Cindy and I are taking vacation this week. “Best Of” shows will be aired through October 10 during my daily spot on XM Satellite Radio … OPEN-ROAD … Channel 171.

       Nothing special has been planned, although we hope to make a drive down to my hometown, Shamrock, Texas, where the City Council informed me they are naming a part of historic old Route 66, running from city-limit to city-limit. BILL MACK BOULEVARD.

       What an honor! As a kid, I worked at my dad’s little truck-stop when it was located on that very special boulevard.

       My friend Willie Nelson suggested I charge a toll-fee for traveling on my boulevard! Come on, Will! Cut that out!

       Lots of plans are in the making for Shamrock. It’s always been an active town. Of course, the annual St. Patrick’s Day Celebration has been a “look-forward-to” happening in Shamrock since 1938.

       Try the delicious Red Rooster Barbeque, next to the post office!

       By the way, don’t let the Route 66 location confuse you. Shamrock is located 93 miles east of Amarillo on I-40. Out of respect, they still allow old Route 66 to trail through the north edge of town.

       Another thing to be proud of is the fact Shamrock has the tallest water-tower in Texas!!! If it hasn’t been wiped away by various storms that have occurred during the past decades, my name is on the big tank, scribbled there, along with the names of some of my outlaw high-school chums, many years ago. Constable John Cox ordered us to climb up the giant structure and wipe the names. However, the old lawman suffered from acrophobia … a fear of height … and never checked to see if we had followed his orders!

--

      The beautiful singer, Pauline Reese, appeared at the State Fair of Texas October 2 with Ray Benson and Asleep-At-The-Wheel. In the promo ads, Pauline’s name wasn’t mentioned! What a mistake! This pretty gal is destined to become a top marquee super-star. On my radio shows, she’s already one of the most requested. The people love th’ lady!

--

       Something special to look forward to is a new gospel CD by the adorable, talented Linda Plowman (Fikes). It’s set for release this month (October).

 

STRANGE WORDS, MY COMPUTER, AND MY BOOK: A DEEP STUDY

By Bill Mack 

I have been asked by my editor, Megan, to write a bit about the construction of my book.

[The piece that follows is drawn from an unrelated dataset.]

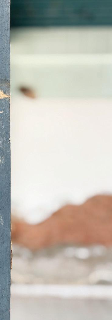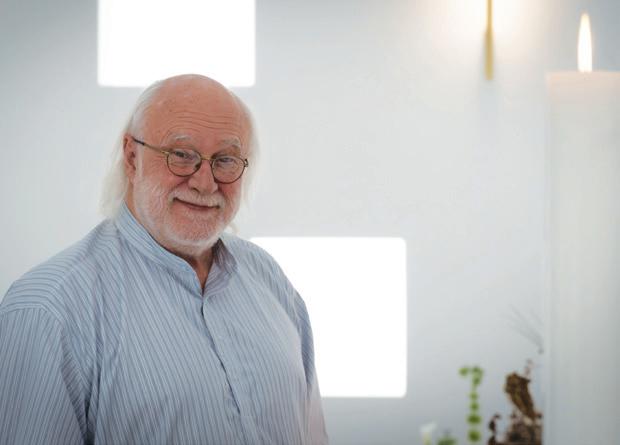 Jeg besøger Steen Bonde tidligt på dagen i hospitalets kirkesal til ugens middagssang. Rummet er lyst, arkitektonisk, enkelt og alligevel fyldt med nærvær. Langs væggene løber vand i smalle render, som en voldgrav der omfavner de tilstedeværende. På stolene ligger dagens salmer klar, og vi synger i kor. Der er patienter i hospitalstøj. Pårørende. Personale, der har taget en pause. Steen leder seancen med en pianist. Et par liturgiske bønner danner rammen. Før sidste sang inviterer Steen til en stund i stilhed, hvor vi lytter til vandets rislen.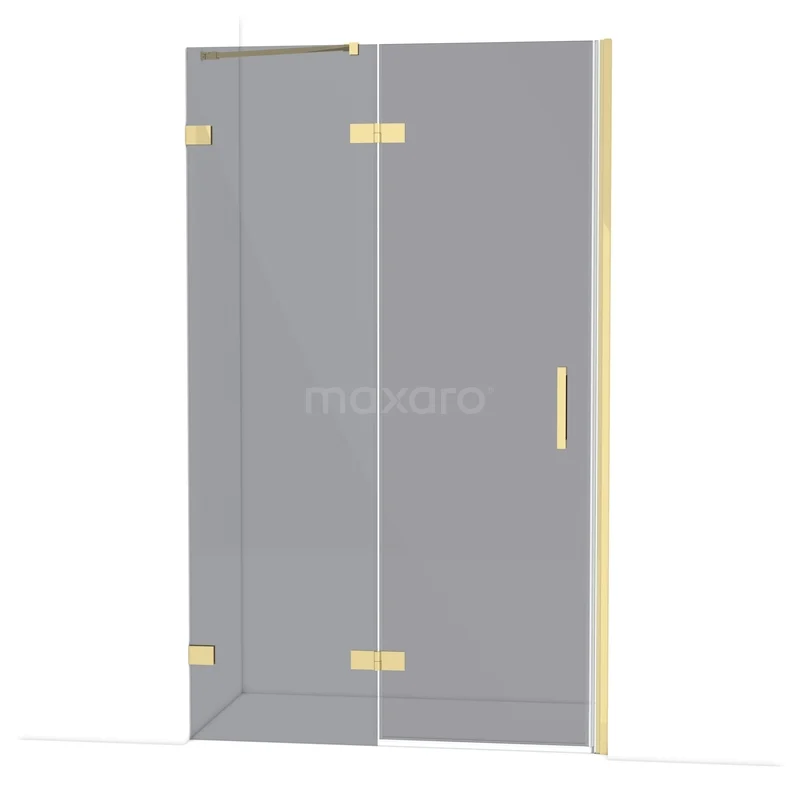The 120 cm Diamond hinged door is ideal for closing off your shower space. This model features a refined and luxurious design in shiny light gold and is equipped with high-quality hinges, two-point fixation, and a vertical handle. The smoked glass adds a chic appearance. Thanks to its adjustability, you can easily make the shower door fit. The total width is adjustable from 121.7 to 122.7 cm.

While I was writing my autobiography, BILL MACK’S MEMORIES FROM THE TRENCHES OF BROADCASTING, there was that constant feeling of inferiority. I developed some serious doubts while seated at the keyboard of my computer. When I took on the assignment of writing about myself, it was similar to staring in the mirror and noticing deformities. A tiny mole suddenly appeared larger than normal! It’s a mole that’s been near my chin since I was born, but, overnight, it became more noticeable. I knew it wasn’t cancerous. I’ve asked various physicians about it for years, and they all said it was a “benign mole, nothing to be concerned about.” A girl I used to date when I was in my mid-teens even went so far as to say it was a cute little mole! She loved it!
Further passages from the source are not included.